Reading the instructions for setting up the laboratory, I have a strong sense of Cayton’s corporate coaching persona coming through.  The language is very “go-get-’em” and the “ABC” breathing practice floats out there without much of an intention to anchor it.  I can infer the intention because I know from other experience that the practice holds promise; but it takes me away from my intention to hold a Beginner’s Mind.

The issue of “what is mind?” seems to be what he gets to in the third chapter.  How do I clarify my experience so that I can understand reality is what I create?  So, in the ABC, A is for anatomy; bring awareness to the areas of tension in the body.  B is for breathing; anchor yourself in the breath.  C is for counting (really); count the in- and out-breaths.  I can’t resist so let me infer that the sequence is to calm and steady internal turmoil.  In psychological circles, it’s a variant of progressive muscle relaxation blended with breathing to calm symptoms of anxiety.  Not a bad thing but a link to how this prepares “the laboratory” (presumably of body-mind) would have been helpful.

Enough about the book.  More about me practicing with the book.  Cayton explains that “disturbing emotions” have the power to “hypnotize us…so they become ‘reality’.”  This nugget is worth getting to and a powerhouse of energy is conferred when I work with it.  It also reminds me of Tara Brach’s use of the term “trance” in describing our habitual energies and auto-pilot.  I call it getting on trains that take us away from our experience in the moment; we believe escaping on the train as the reality because we think it’s safer or that we’re actually acting on the distress.
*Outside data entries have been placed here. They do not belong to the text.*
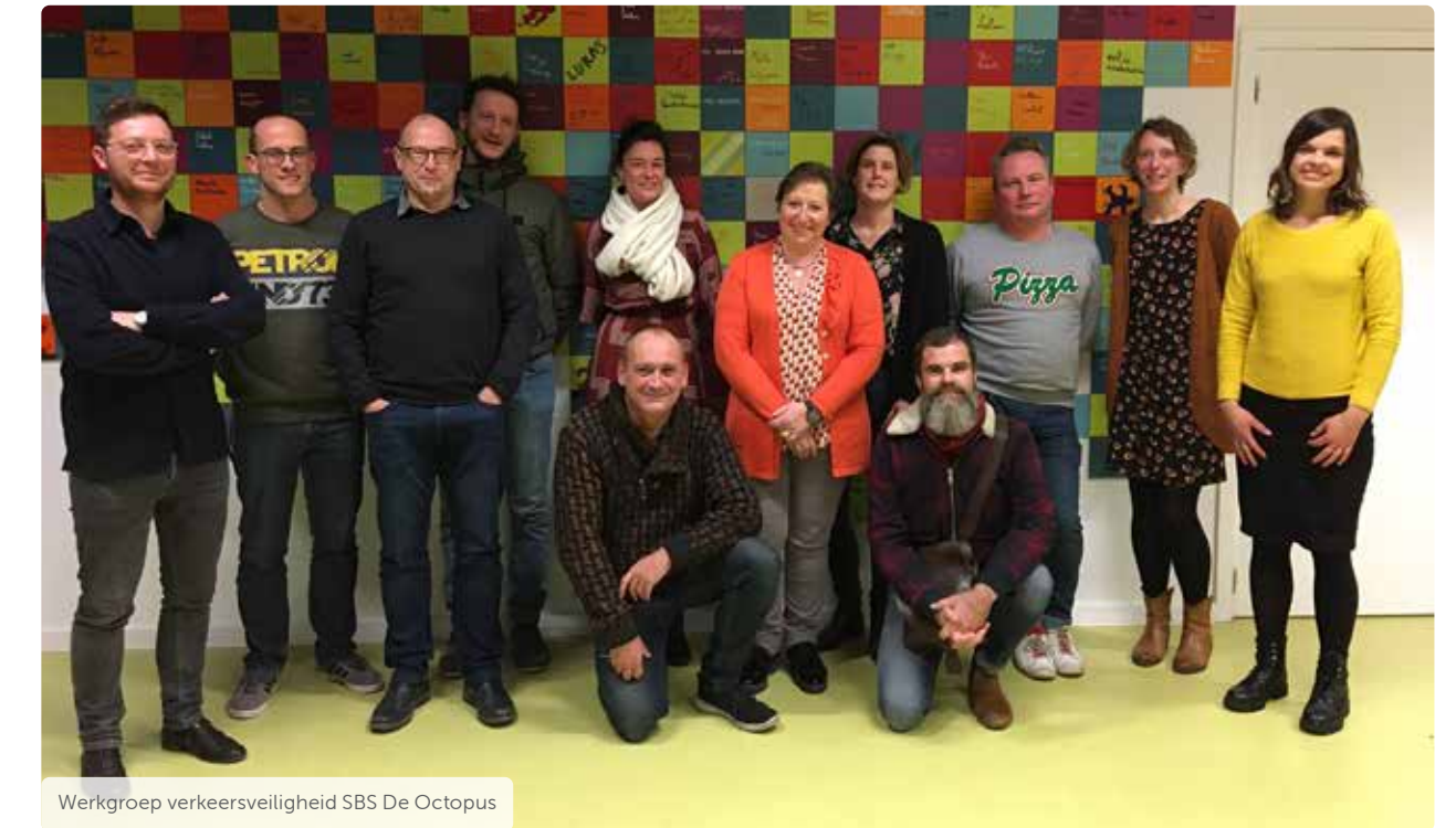
Werkgroep verkeersveiligheid SBS De Octopus
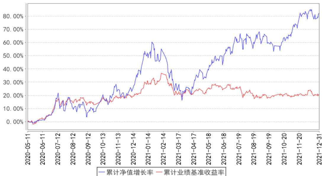
华宝成长策略混合累计净值增长率与同期业绩比较基准收益率的历史走势对比图

注：按照基金合同的约定，基金管理人应当自基金合同生效之日起 6 个月内使基金的投资组合比例符合基金合同的有关约定，截至 2020 年 11 月 09 日，本基金已达到合同规定的资产配置比例。
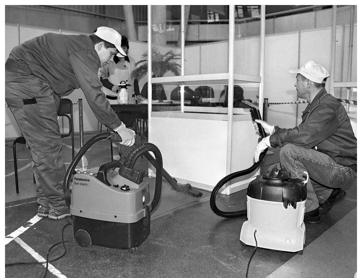
Основная статья расходов клининговых компаний — оплата труда. Однако и техника для профессиональной уборки стоит дешево.
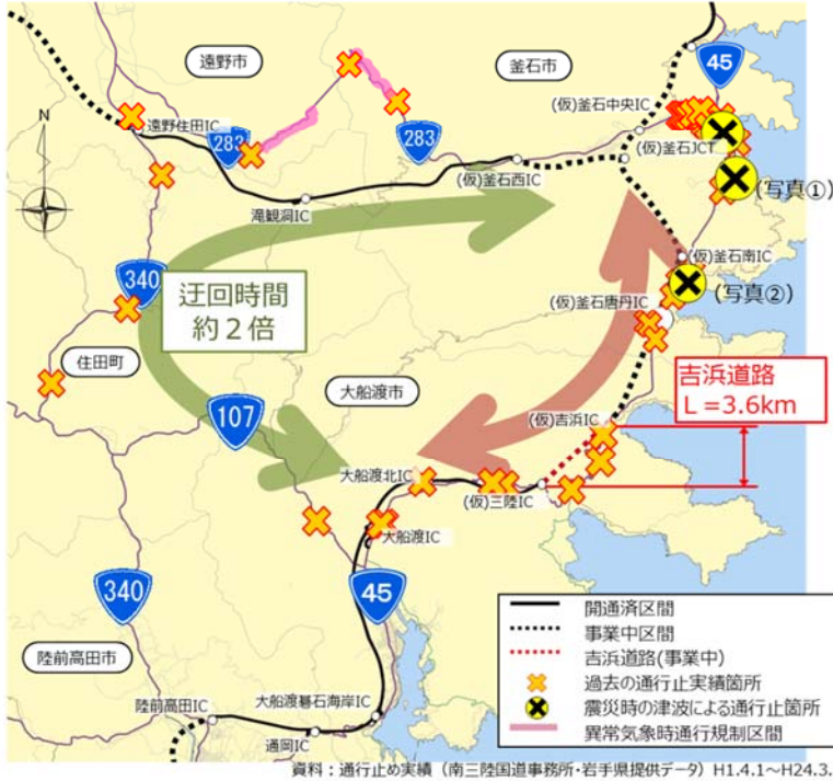
▼写真①（釜石市平田地区）
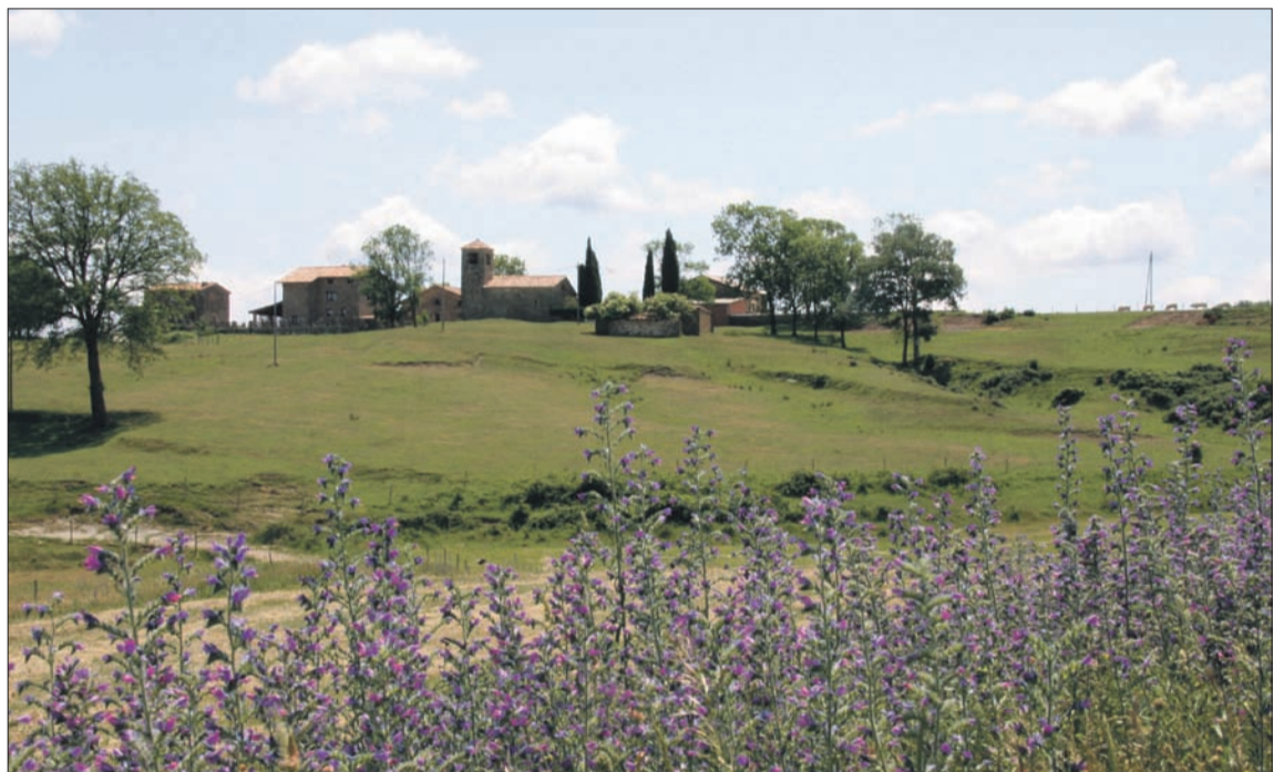
Sant Pere de Falgars

estaven inclosos, en el moment de la unió, dins dels quatre municipis que van firmar l'acord.
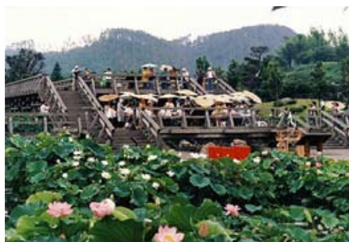
伯耆古代の丘公園の蓮池

Later in the chapter, Cayton points out that our mind is very much like a video camera and TV screen running simultaneously.  Our sense organs (I’m interpolating) record the impingement of sensations which leaves a mental imprint.  And, at the same time, we’re layering our interpretation of the experience on that imprint.  Instantly, the process of logging the experience becomes laden with our bias, our preferences.  We create the world as we are.

And it ain’t so.  We can absolutely count on that.